Records drawn from a dataset
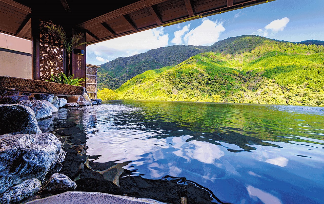 標高420mの箱根山の中腹に位置し、渓谷に溶け込むように佇む。最上階のロビーに足を踏み入れると、眼前に広がる風光明媚な景観に圧倒。客室は日本古来の風習や伝統を大切に自然と調和した和みの空間。各部屋の湯船には宮ノ下温泉が注がれ、名湯に身を委ねながら景色に酔いしれることができる。開放的な大浴場「山のインフィニティ風呂」は露天風呂とサウナを完備。日帰り利用可能な「Ginyu Spa」も併設し温泉を満喫できる。夕食は相模湾の地魚や国産和牛など、国内屈指のブランド食材を使用した懐石料理。2024年には鉄板焼きレストラン「悠庵」がオープン。洗練された上質な肉や海鮮を素材本来の味で堪能できる。
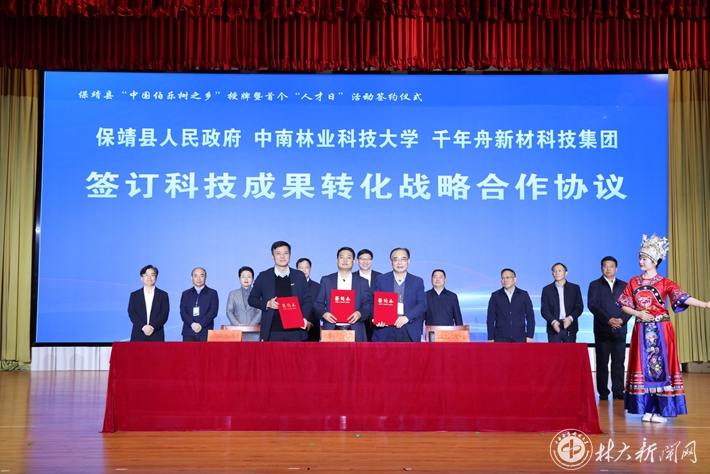 ▲学校与保靖县人民政府、千年舟新材料科技集团股份有限公司签订科技成果转化战略合作协议
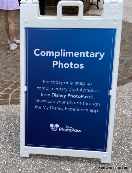 We spotted a sign for Complimentary Photos from Disney PhotoPass! BUT, there’s a small catch…
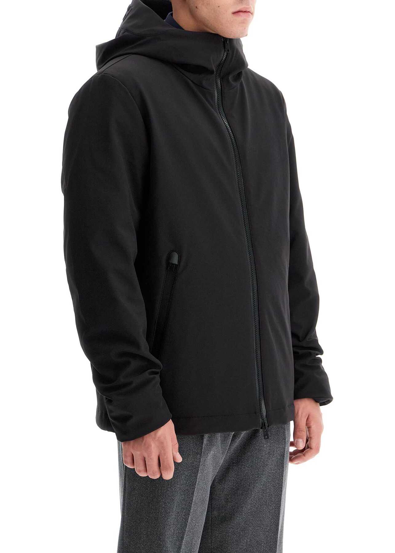 The Woolrich hooded jacket is made of softshell fabric with a light feather padding. It features a two-way zip closure, internal windproof cuffs, side pockets with zips, and an adjustable hem. The interior is quilted nylon with a small pocket. Regular fit. The model is 182 cm tall and wears size L.
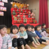 ホールに集まってみんなが作った「ひな飾り」をみて、歌を歌ってたのしい時間を過ごしました。 ひなまつりばすっけっと
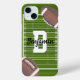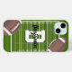 Este estuche de teléfono personalizado tiene un diseño de aficionados al fútbol con un campo de fútbol y dos bolas de fútbol ilustradas. Personalizó este estuche de teléfono con un nombre o apellido y una inicial. Un gran regalo deportivo personalizado para regalar a los aficionados al fútbol en su vida que juegan cartas.
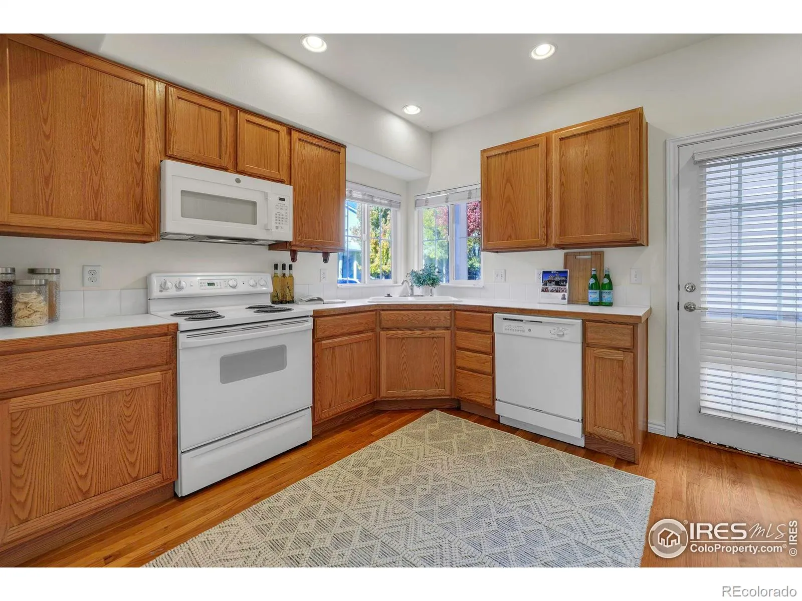 Charming three-bedroom townhome in a sweet location! South facing end unit flooded with natural light. Home is situated on a very quiet interior street, with only 1 shared wall! Enjoy looking out over the HOA green space from your covered front porch. New carpet, fresh paint, wood floors on the main level and dramatic vaulted ceilings. Primary bedroom with private bath, walk-in closet, and large south facing windows. Sunny laundry room on the upper level. One-car attached garage. NOT in a metro tax district!
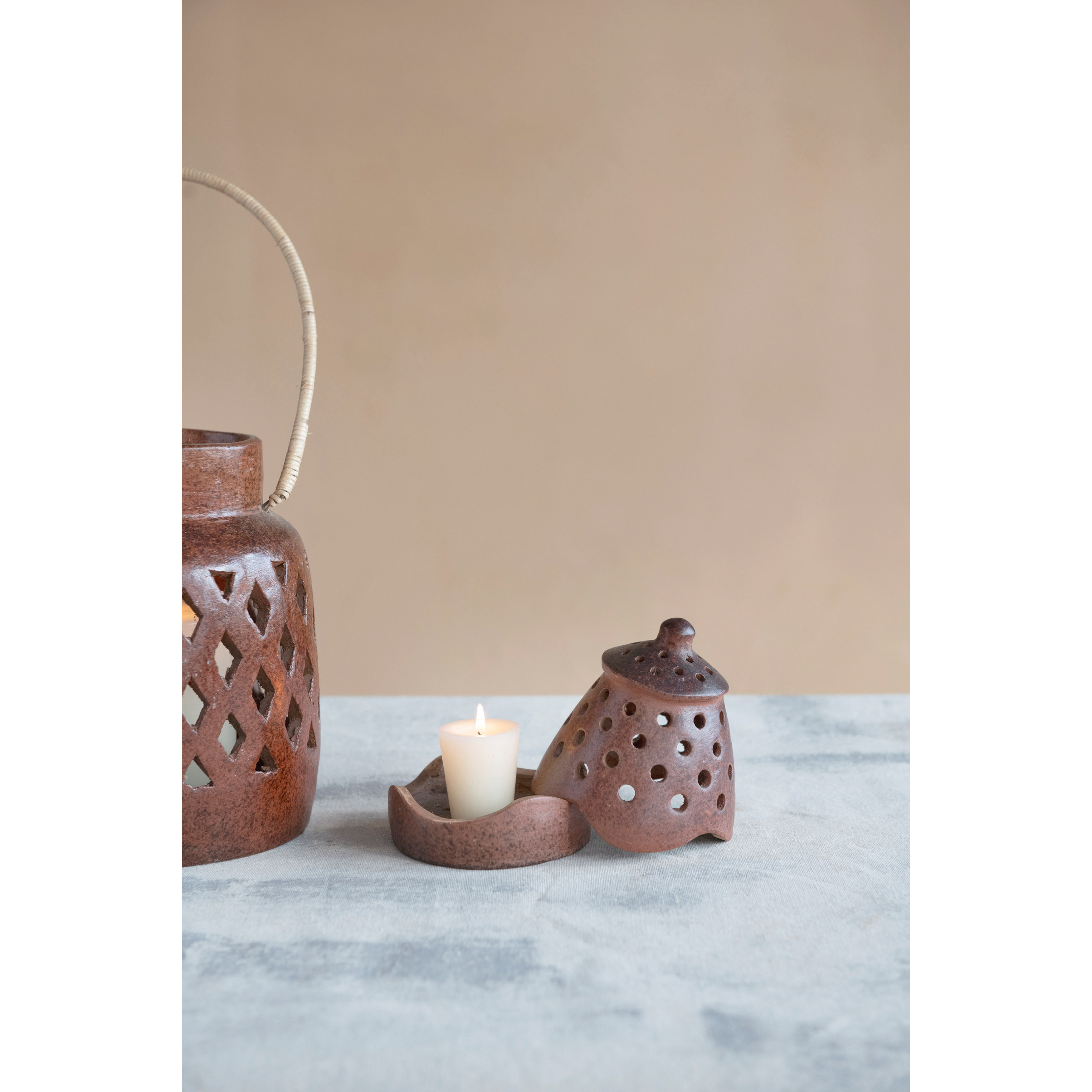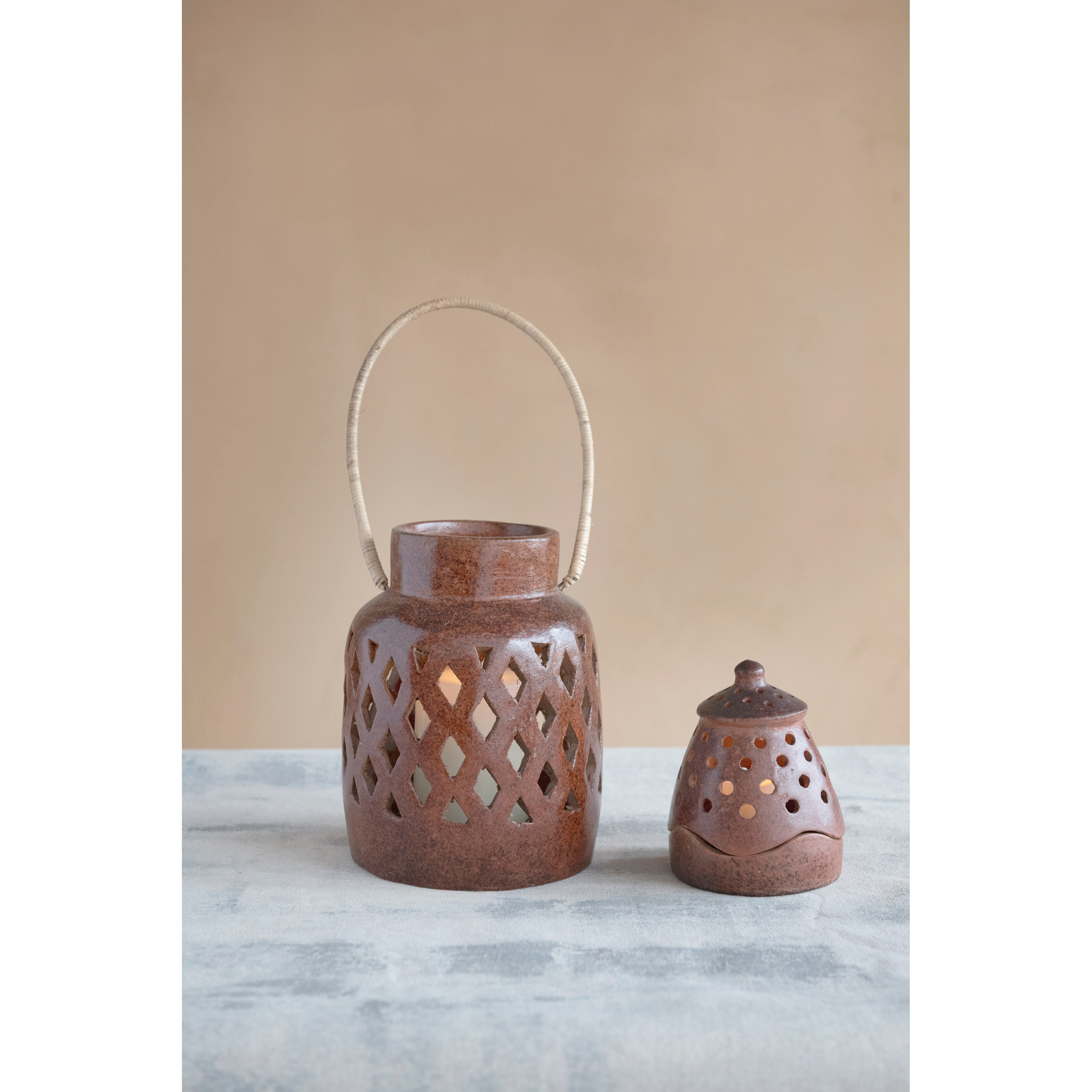 Handmade Terra-cotta Lantern with Cut-Outs and Lid, Reactive Glaze

- [Task requirements] With the pictures left out, give again exactly the lines from the one with "We spotted a" through the end of the data, both included.

- [Task answer]
 We spotted a sign for Complimentary Photos from Disney PhotoPass! BUT, there’s a small catch…
 The Woolrich hooded jacket is made of softshell fabric with a light feather padding. It features a two-way zip closure, internal windproof cuffs, side pockets with zips, and an adjustable hem. The interior is quilted nylon with a small pocket. Regular fit. The model is 182 cm tall and wears size L.
 ホールに集まってみんなが作った「ひな飾り」をみて、歌を歌ってたのしい時間を過ごしました。 ひなまつりばすっけっと
 Este estuche de teléfono personalizado tiene un diseño de aficionados al fútbol con un campo de fútbol y dos bolas de fútbol ilustradas. Personalizó este estuche de teléfono con un nombre o apellido y una inicial. Un gran regalo deportivo personalizado para regalar a los aficionados al fútbol en su vida que juegan cartas.
 Charming three-bedroom townhome in a sweet location! South facing end unit flooded with natural light. Home is situated on a very quiet interior street, with only 1 shared wall! Enjoy looking out over the HOA green space from your covered front porch. New carpet, fresh paint, wood floors on the main level and dramatic vaulted ceilings. Primary bedroom with private bath, walk-in closet, and large south facing windows. Sunny laundry room on the upper level. One-car attached garage. NOT in a metro tax district!
 Handmade Terra-cotta Lantern with Cut-Outs and Lid, Reactive Glaze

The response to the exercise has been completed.